Abstract
Introduction: CD19-directed CAR T cell (CAR-T) therapy has curative potential for patients with relapsed/refractory (R/R) B-cell lymphoma, however, most patients still ultimately relapse (Neelapu, Jacobson et al. 2023). CAR T cell resistance mechanisms include the loss of CD19 expression thus multi-specific CAR-T are a promising strategy to help overcome tumor escape (Schneider, Xiong et al. 2021). We set up a first-in-human study investigating a novel tri-specific duoCAR architecture based on a single lentiviral vector expressing a tandem CAR targeting CD19 and CD20, which is linked to a monoCAR targeting the CD22 antigen. This tri-specific CAR-T contains two novel costimulatory domains, ICOS and OX40. Here we report an interim analysis of the first planned dose level (DL).
Methods: This is a single-center, single arm phase I study employing the Bayesian optimal interval design with a 3+3 design run-in. There are three planned dose levels (DL): DL-1 – 0.75x106 cells/kg, DL0 – 1x106 cells/kg, DL+1 – 2.5x106 cells/kg. Main inclusion criteria include diagnosis of R/R B-cell lymphoma, age ≥ 18 years, ≥ two prior lines of therapy, and expression of 2/3 target antigens. Main exclusion criteria include active CNS disease and immunosuppression. Patients previously treated with commercial CAR-T, bi-specific antibodies, and allogeneic stem cell transplantation (allo-SCT) are permitted.
In-house manufacturing utilizes the CliniMACS Prodigy platform for T-cell enrichment, activation, transduction, and expansion. Leukapheresis was performed on day -11, product was manufactured from day -10 to day -2, and quality assessment was completed by day 0. Patients received cyclophosphamide 500mg/m2 and fludarabine 30mg/m2 on days -5 to -3. CAR-T were administered intravenously on day 0 starting at DL0.

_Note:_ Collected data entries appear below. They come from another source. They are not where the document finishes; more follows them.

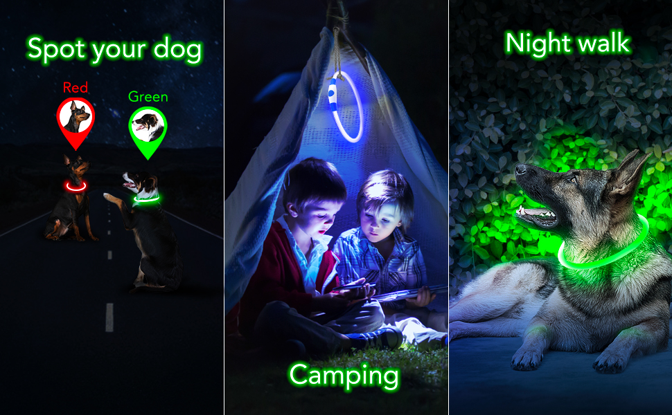 ⛱️معدات تخييم الكلاب من BESR - 3 أسباب - 1. يمكن أن يساعدك هذا الطوق على تحديد موقع كلبك وتتبعه في الظلام أثناء التخييم أو في الفناء الخلفي أو في التنزه سيرًا على الأقدام في المساء. يرجى جعله يرتدي ألوانًا مختلفة! 2. قم بإضاءة خيمتك و خلق جو عطلة سعيدة. 3. قم بإضاءة طريق طفلك عندما يدخل في الظلام. (ملاحظة: مقاوم للماء يوميًا، يعمل بشكل جيد في الأيام الممطرة، ولكن لا تدع الكلب يسبح لأكثر من 20 دقيقة.)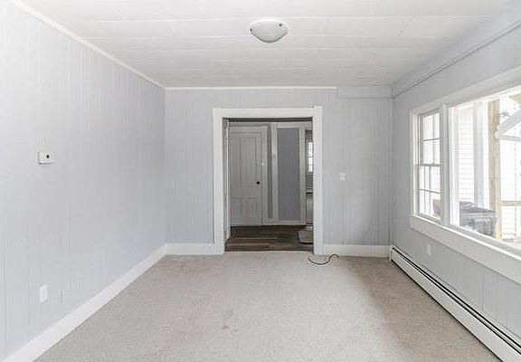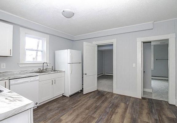 Newly renovated apartment offers 2 bedrooms, eat in kitchen with stove, dishwasher and refrigerator. One full bath with tub/shower and ceramic tile floor. Living room has wall to wall carpet with built in book shelf. Plenty of off street parking. Common laundry in the basement. Pets allowed with restrictions. Rent includes water, sewer, snow and trash removal. Ready for occupancy.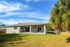 Beautiful WATERFRONT LIKE NEW home ready to move in! Great curb appeal with added palm trees and fencing along the side for privacy, stone accents, recessed lighting in soffits and fresh mulch. Once inside your double door entry you will immediately notice the bright and airy open concept floor plan with split bedrooms, high ceilings, crown molding, coffered ceiling living room, nice tiled floors and 8 foot sliders showcasing your Florida water view. Kitchen is perfect for entertaining to main living areas with a generous sized island, white real wood cabinetry, and stainless steel appliances. Inside laundry room with washer and dryer, laundry tub and shelving. Primary bedroom has tray ceilings with built in dimmable lighting, two walk in closets, dual vanities with granite countertops and an impressive tiled shower. The 33x9 covered over sized lanai spans almost the length of the entire home where you can enjoy your morning coffee with sounds of nature and lets not forget your water view! A pool could easily be added and the seller has already started the process with a copy of plans available if interested. FURNITURE IS NEGOTIABLE, BRAND NEW WITH TAGS STILL ON. The lot next door cannot be built on and the location is ideal just minutes from year-round enjoyment of boating, fishing, golfing, beaches, dining, parks, public shopping and medical care. A must see, schedule an appointment today!
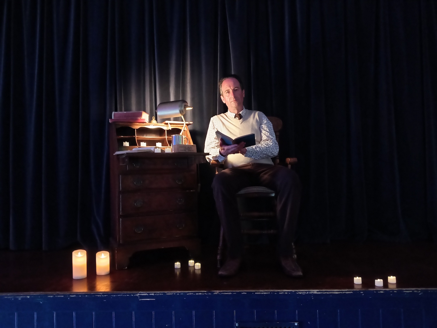Weeping Bank bridges the gap between Audible and Theatre. Our aim is to establish a new hinterland for audiences to explore. Original stories, told with minimal soundscape and lighting, returning audiences to the very essence of storytelling. This is more a ‘Man in Black’ audio experience than it is a ‘Woman in Black’ theatrical performance. The Librarian is not performing the story, he is reading it and experiencing it with you. Sitting in the dark in a theatre, this becomes a uniquely close experience. We are often told by audience members that they felt as though The Librarian was reading just to them. Without the comfort blanket of knowing this is just an actor performing a part, or a horror show enhanced with clever special effects.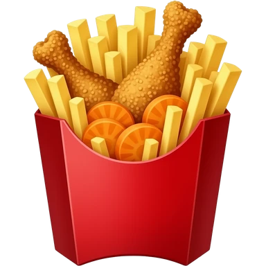 papas A LA FRANCESA en una caja roja con pedacitos de pollo frito, y zanahoria cortadas redondas, todo dentro de las papas. SIN LOGOS. LA CAJA SOLOR ROJA emoji

Results: Four patients were enrolled to receive 1x106 CAR-T/kg. One patient had a manufacturing failure, and three patients were successfully treated. Of these three products, median fold increase in T-cells and viability after expansion was 16.1 (range 13.8-28.1) and 90.6% (range 87.9-94.0), respectively. Median transduction efficiency of the CD20.CD19 CAR and CD22 CAR was 20.1% (range 12.9-21.8) and 25.4% (range 15.5-29.6), respectively.
Median age was 65 (range 60-68) and 2/3 patients were female. One patient had marginal zone lymphoma (MZL) and two had Diffuse large B-cell lymphoma (DLBCL). All patients had ≥ stage III at initial diagnosis. Prior therapies included BR, RCHOP, commercial CD19 CAR-T therapy, polatuzumab and allo-SCT. Patient 1 was CAR-T-naive, patients 2 and 3 had previously received axi-cel. Patient 3 had received an allo-SCT. 2/3 patients expressed all three target antigens.

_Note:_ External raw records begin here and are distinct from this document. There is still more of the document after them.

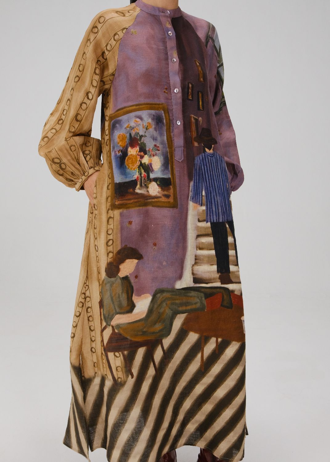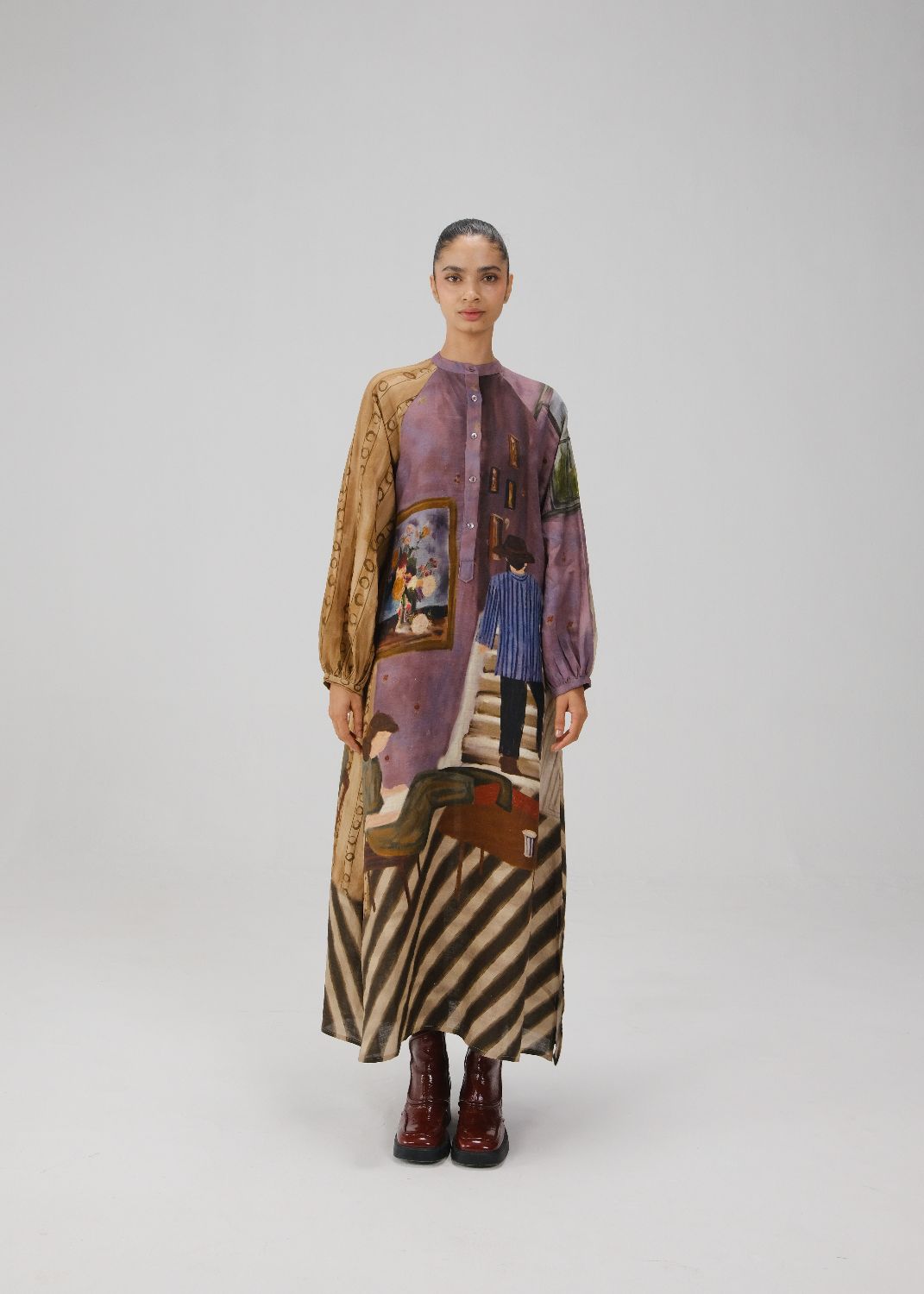 Crafted from pure linen, the Goa Dress features a band collar, long placket, and A-line silhouette with high side slits. Finished with full raglan sleeves and elasticated cuffs, it blends refined detailing with effortless versatility for both casual and elevated occasions.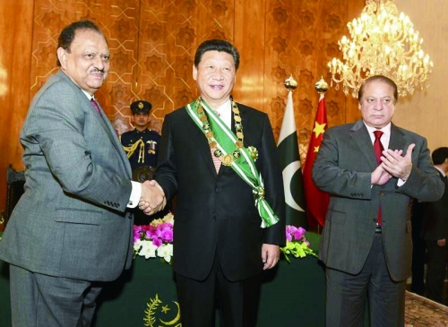 4月21日,习近平主席在伊斯兰堡接受巴基斯坦总统侯赛因授予的“巴基斯坦勋章”。 |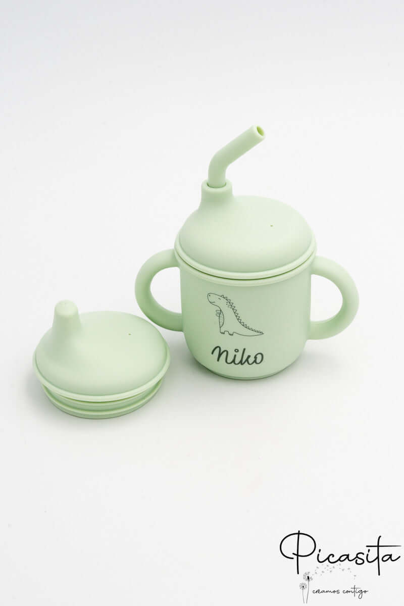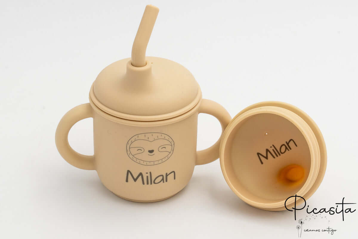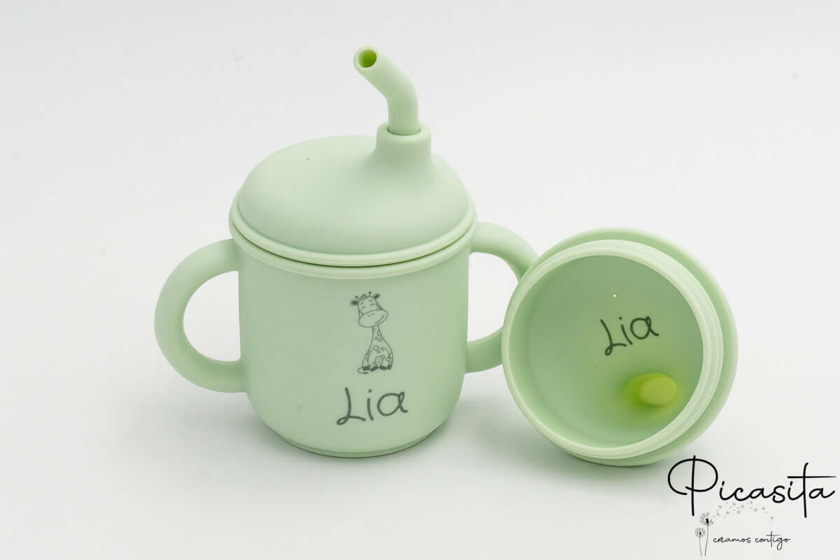To make this item a truly exclusive and heartfelt gift, we offer personalization using laser technology. This method engraves the child’s name and a cute little animal directly onto the silicone, leaving a permanent and elegant mark in a slightly darker tone that won’t fade, wear off, or use toxic inks. Additionally, the inside features practical capacity markers up to 150ml, and its double ergonomic handle is perfectly sized for their small hands, giving them the joy and confidence to do things on their own.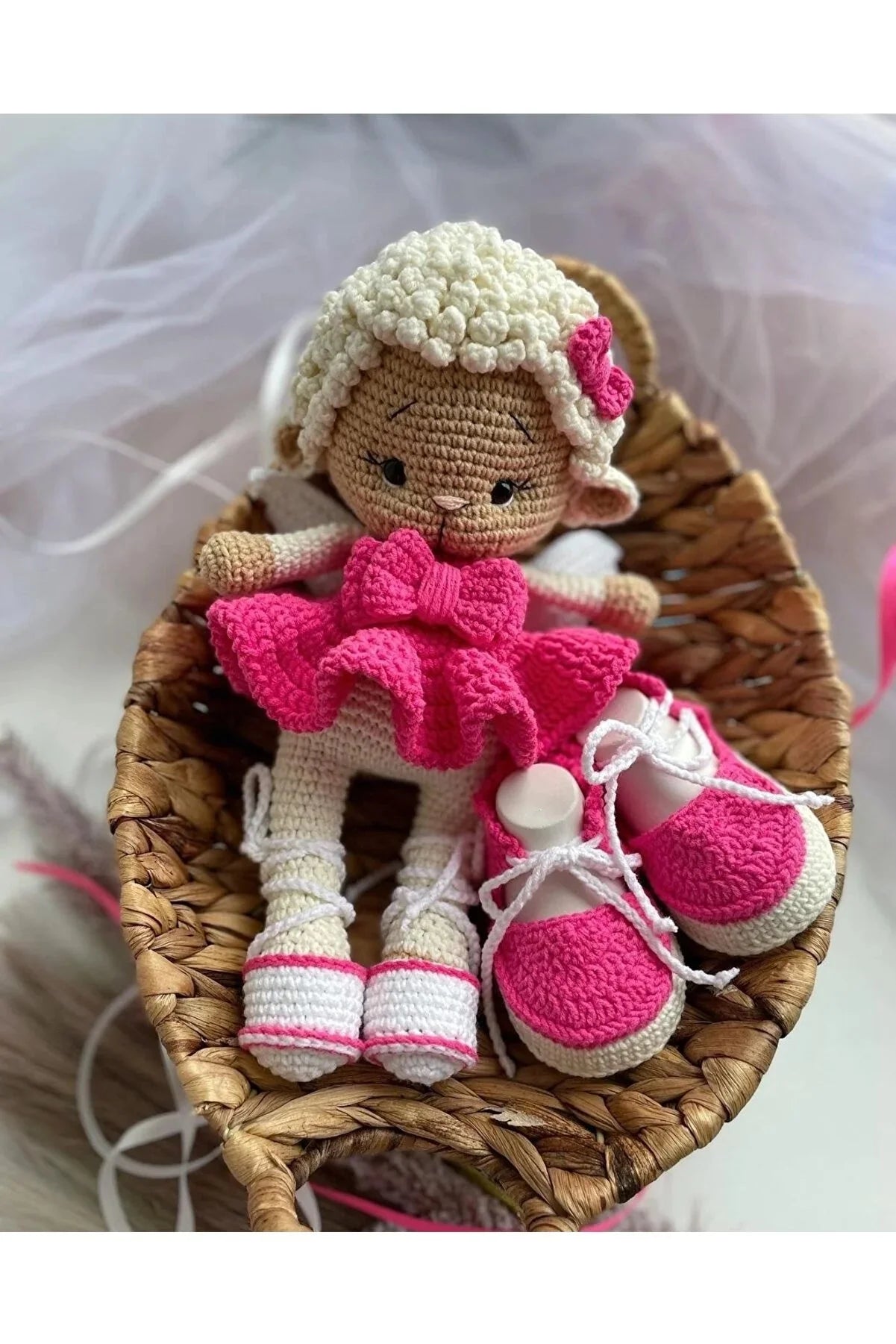 Handmade Crochet Sheep in Pink Dress Toy Gift Set (2pc)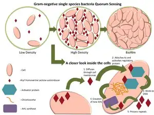 - ↑ Zhang LH, Dong YH (September 2004). "Quorum sensing and signal interference: diverse implications". Molecular Microbiology. 53 (6): 1563–1571. doi:10.1111/j.1365-2958.2004.04234.x. PMID 15341639. S2CID 39018931.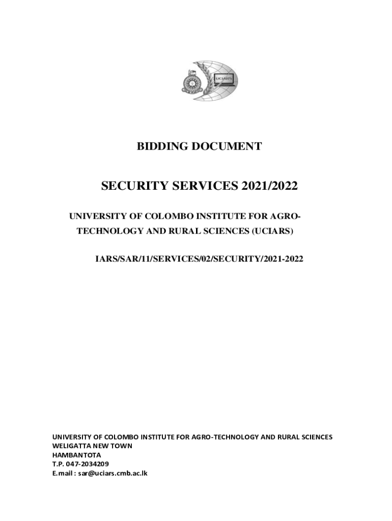 CARS/SAR/11/SERVICES/02/SECURITY/20212022UNIVERSITY OF COLOMBO INSTITUTE FOR

At DL0 (1x106 cells/kg; n=3) no CRS, ICANS, fever, HLH or infections occurred. None of the patients required anti-cytokine therapy or steroids. The most common adverse event was grade 4 neutropenia in all patients. Two patients developed grade 1 thrombocytopenia, and one patient developed grade 2 hepatotoxicity.
All 3 patients treated showed a substantial expansion of CD4+ and CD8+ CAR-T in their blood as measured by flow cytometry after staining with fluorescent target proteins or anti-linker antibody. Peak levels occurred around d+14 post-treatment and in some cases with sufficient follow-up CAR-T persisted for > 2 months.

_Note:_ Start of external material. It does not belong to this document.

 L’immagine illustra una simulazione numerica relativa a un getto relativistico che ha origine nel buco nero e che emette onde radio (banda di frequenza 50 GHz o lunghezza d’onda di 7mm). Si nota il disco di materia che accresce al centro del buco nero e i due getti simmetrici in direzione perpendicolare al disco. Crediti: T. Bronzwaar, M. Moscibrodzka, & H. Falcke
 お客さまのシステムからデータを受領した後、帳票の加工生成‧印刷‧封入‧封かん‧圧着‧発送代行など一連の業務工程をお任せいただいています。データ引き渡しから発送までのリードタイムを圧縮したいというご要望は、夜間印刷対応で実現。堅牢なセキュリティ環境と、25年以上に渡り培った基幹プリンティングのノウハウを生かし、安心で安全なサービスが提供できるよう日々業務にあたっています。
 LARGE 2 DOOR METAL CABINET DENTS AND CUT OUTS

The ORR was 100%. All patients had a PR by Lugano criteria on day +30. Patient 1, who had MZL, had a CR on day +90 and remained in a CR at 6 months. Patients 2 and 3 developed disease progression by day +90. Post-relapse biopsy of patient 2 was negative for CD19 and positive for CD20 and CD22, consistent with the pre-treatment biopsy. At last follow up all three patients were still alive with no toxicities.
Discussion: This interim analysis shows that point-of-care manufacturing and treatment with the first-in-human CD19.20.22 CAR-T autologous product containing OX40/ICOS co-stimulatory domains is safe and feasible. No CRS or ICANS was observed. We also report substantial expansion and persistence of CAR-T, evidence of clinically meaningful efficacy with responses in all patients, and a durable response in 1/3 patients. The study has received approval to advance to the next dose level which will hopefully further improved efficacy.